Task brief
A faithful, word-for-word copy of the data below is required, without pictures.

Supplied material
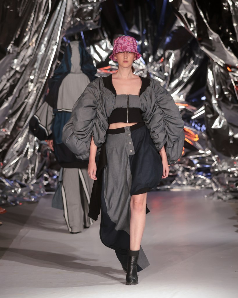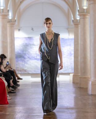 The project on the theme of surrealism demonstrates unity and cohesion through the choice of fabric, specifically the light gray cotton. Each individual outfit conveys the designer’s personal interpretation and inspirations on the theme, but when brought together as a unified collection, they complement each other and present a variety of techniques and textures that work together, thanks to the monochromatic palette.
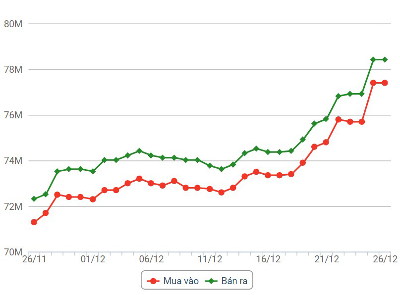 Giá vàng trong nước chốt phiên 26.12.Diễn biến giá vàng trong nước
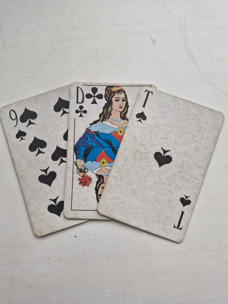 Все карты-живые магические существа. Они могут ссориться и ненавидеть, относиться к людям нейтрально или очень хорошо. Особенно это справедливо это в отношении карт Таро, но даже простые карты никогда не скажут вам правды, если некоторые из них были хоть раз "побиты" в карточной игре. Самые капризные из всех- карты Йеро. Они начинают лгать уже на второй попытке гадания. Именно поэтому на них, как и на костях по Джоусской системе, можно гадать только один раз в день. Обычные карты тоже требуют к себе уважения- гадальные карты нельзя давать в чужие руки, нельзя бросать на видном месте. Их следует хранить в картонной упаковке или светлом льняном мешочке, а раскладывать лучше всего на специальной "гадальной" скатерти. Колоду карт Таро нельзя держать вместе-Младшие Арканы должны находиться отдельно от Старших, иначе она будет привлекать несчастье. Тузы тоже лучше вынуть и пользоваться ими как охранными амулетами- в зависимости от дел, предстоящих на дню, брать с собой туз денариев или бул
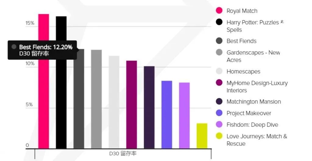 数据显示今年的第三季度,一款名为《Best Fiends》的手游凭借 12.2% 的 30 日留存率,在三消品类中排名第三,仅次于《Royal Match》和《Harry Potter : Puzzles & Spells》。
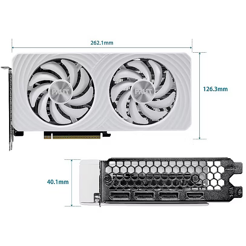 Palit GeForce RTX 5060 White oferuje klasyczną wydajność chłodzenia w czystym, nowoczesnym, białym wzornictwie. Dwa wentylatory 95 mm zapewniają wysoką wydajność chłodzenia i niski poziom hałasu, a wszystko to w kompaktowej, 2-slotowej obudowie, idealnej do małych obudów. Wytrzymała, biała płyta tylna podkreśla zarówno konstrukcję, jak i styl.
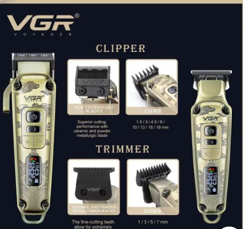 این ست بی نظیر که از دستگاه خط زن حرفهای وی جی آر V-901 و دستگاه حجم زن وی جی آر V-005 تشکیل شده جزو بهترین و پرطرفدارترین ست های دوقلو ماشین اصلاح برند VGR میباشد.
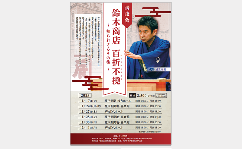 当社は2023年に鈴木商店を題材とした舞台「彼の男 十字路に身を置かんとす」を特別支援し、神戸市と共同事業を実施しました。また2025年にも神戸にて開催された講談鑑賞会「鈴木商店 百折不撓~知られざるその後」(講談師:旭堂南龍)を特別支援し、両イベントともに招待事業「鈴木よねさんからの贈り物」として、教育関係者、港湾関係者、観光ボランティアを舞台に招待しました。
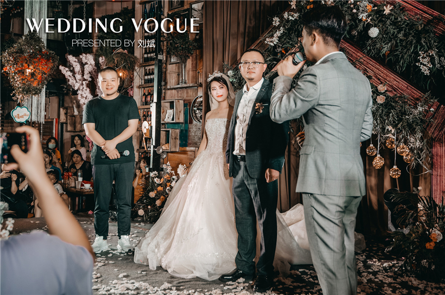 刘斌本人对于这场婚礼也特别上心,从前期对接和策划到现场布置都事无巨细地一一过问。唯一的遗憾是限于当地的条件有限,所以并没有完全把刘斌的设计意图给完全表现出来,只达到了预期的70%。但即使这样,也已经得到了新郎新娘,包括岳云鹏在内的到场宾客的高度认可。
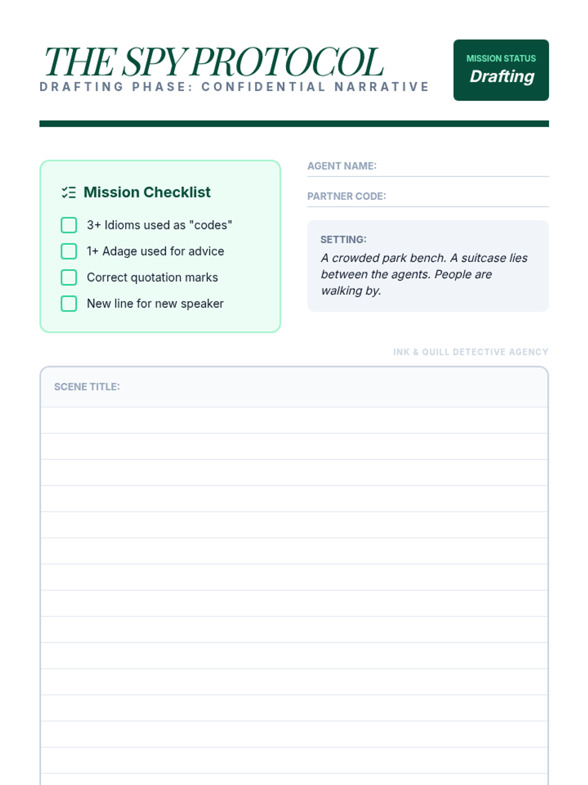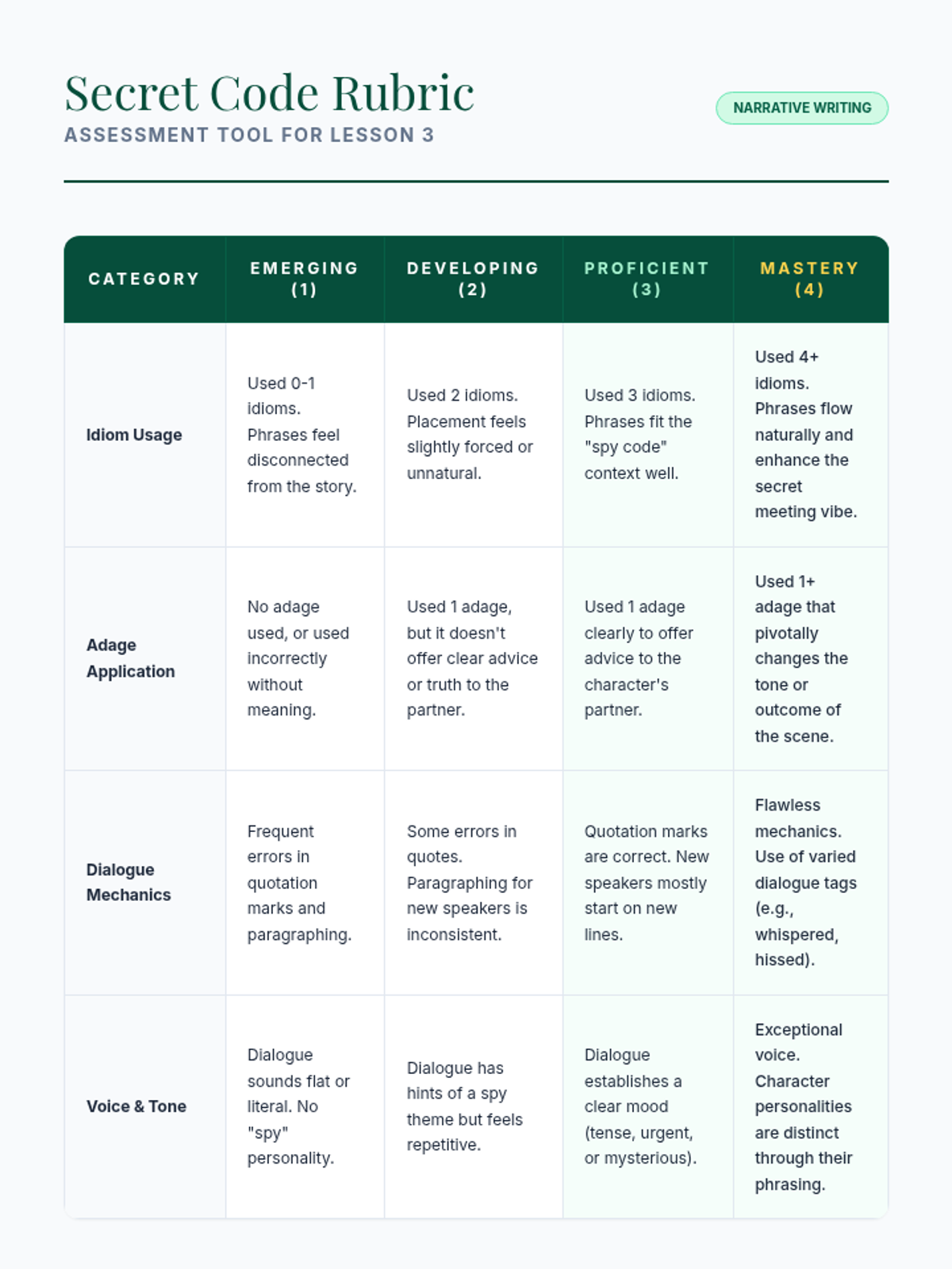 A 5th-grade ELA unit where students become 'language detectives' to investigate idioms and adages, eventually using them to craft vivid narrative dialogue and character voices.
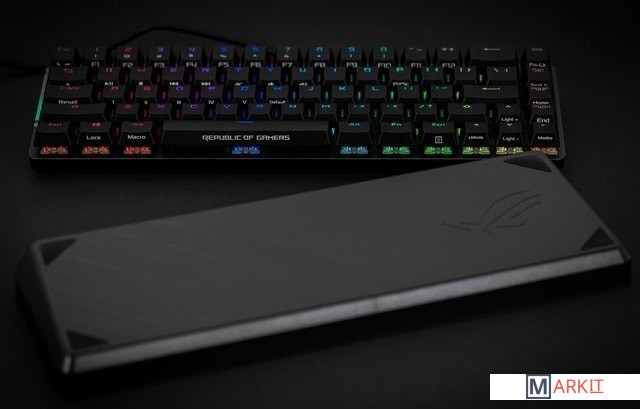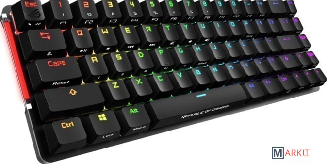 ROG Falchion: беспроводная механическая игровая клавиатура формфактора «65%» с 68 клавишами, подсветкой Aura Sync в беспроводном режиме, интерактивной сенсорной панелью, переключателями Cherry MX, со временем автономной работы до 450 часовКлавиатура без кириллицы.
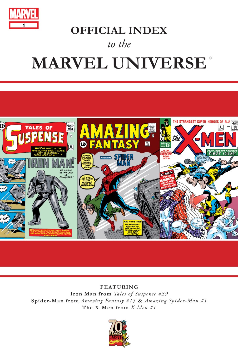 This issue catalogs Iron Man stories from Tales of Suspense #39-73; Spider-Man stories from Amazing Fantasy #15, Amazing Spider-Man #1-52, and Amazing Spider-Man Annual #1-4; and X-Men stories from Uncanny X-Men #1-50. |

Output of the exercise
 The project on the theme of surrealism demonstrates unity and cohesion through the choice of fabric, specifically the light gray cotton. Each individual outfit conveys the designer’s personal interpretation and inspirations on the theme, but when brought together as a unified collection, they complement each other and present a variety of techniques and textures that work together, thanks to the monochromatic palette.
 Giá vàng trong nước chốt phiên 26.12.Diễn biến giá vàng trong nước
 Все карты-живые магические существа. Они могут ссориться и ненавидеть, относиться к людям нейтрально или очень хорошо. Особенно это справедливо это в отношении карт Таро, но даже простые карты никогда не скажут вам правды, если некоторые из них были хоть раз "побиты" в карточной игре. Самые капризные из всех- карты Йеро. Они начинают лгать уже на второй попытке гадания. Именно поэтому на них, как и на костях по Джоусской системе, можно гадать только один раз в день. Обычные карты тоже требуют к себе уважения- гадальные карты нельзя давать в чужие руки, нельзя бросать на видном месте. Их следует хранить в картонной упаковке или светлом льняном мешочке, а раскладывать лучше всего на специальной "гадальной" скатерти. Колоду карт Таро нельзя держать вместе-Младшие Арканы должны находиться отдельно от Старших, иначе она будет привлекать несчастье. Тузы тоже лучше вынуть и пользоваться ими как охранными амулетами- в зависимости от дел, предстоящих на дню, брать с собой туз денариев или бул
 数据显示今年的第三季度,一款名为《Best Fiends》的手游凭借 12.2% 的 30 日留存率,在三消品类中排名第三,仅次于《Royal Match》和《Harry Potter : Puzzles & Spells》。
 Palit GeForce RTX 5060 White oferuje klasyczną wydajność chłodzenia w czystym, nowoczesnym, białym wzornictwie. Dwa wentylatory 95 mm zapewniają wysoką wydajność chłodzenia i niski poziom hałasu, a wszystko to w kompaktowej, 2-slotowej obudowie, idealnej do małych obudów. Wytrzymała, biała płyta tylna podkreśla zarówno konstrukcję, jak i styl.
 این ست بی نظیر که از دستگاه خط زن حرفهای وی جی آر V-901 و دستگاه حجم زن وی جی آر V-005 تشکیل شده جزو بهترین و پرطرفدارترین ست های دوقلو ماشین اصلاح برند VGR میباشد.
 当社は2023年に鈴木商店を題材とした舞台「彼の男 十字路に身を置かんとす」を特別支援し、神戸市と共同事業を実施しました。また2025年にも神戸にて開催された講談鑑賞会「鈴木商店 百折不撓~知られざるその後」(講談師:旭堂南龍)を特別支援し、両イベントともに招待事業「鈴木よねさんからの贈り物」として、教育関係者、港湾関係者、観光ボランティアを舞台に招待しました。
 刘斌本人对于这场婚礼也特别上心,从前期对接和策划到现场布置都事无巨细地一一过问。唯一的遗憾是限于当地的条件有限,所以并没有完全把刘斌的设计意图给完全表现出来,只达到了预期的70%。但即使这样,也已经得到了新郎新娘,包括岳云鹏在内的到场宾客的高度认可。
 A 5th-grade ELA unit where students become 'language detectives' to investigate idioms and adages, eventually using them to craft vivid narrative dialogue and character voices.
 ROG Falchion: беспроводная механическая игровая клавиатура формфактора «65%» с 68 клавишами, подсветкой Aura Sync в беспроводном режиме, интерактивной сенсорной панелью, переключателями Cherry MX, со временем автономной работы до 450 часовКлавиатура без кириллицы.
 This issue catalogs Iron Man stories from Tales of Suspense #39-73; Spider-Man stories from Amazing Fantasy #15, Amazing Spider-Man #1-52, and Amazing Spider-Man Annual #1-4; and X-Men stories from Uncanny X-Men #1-50. |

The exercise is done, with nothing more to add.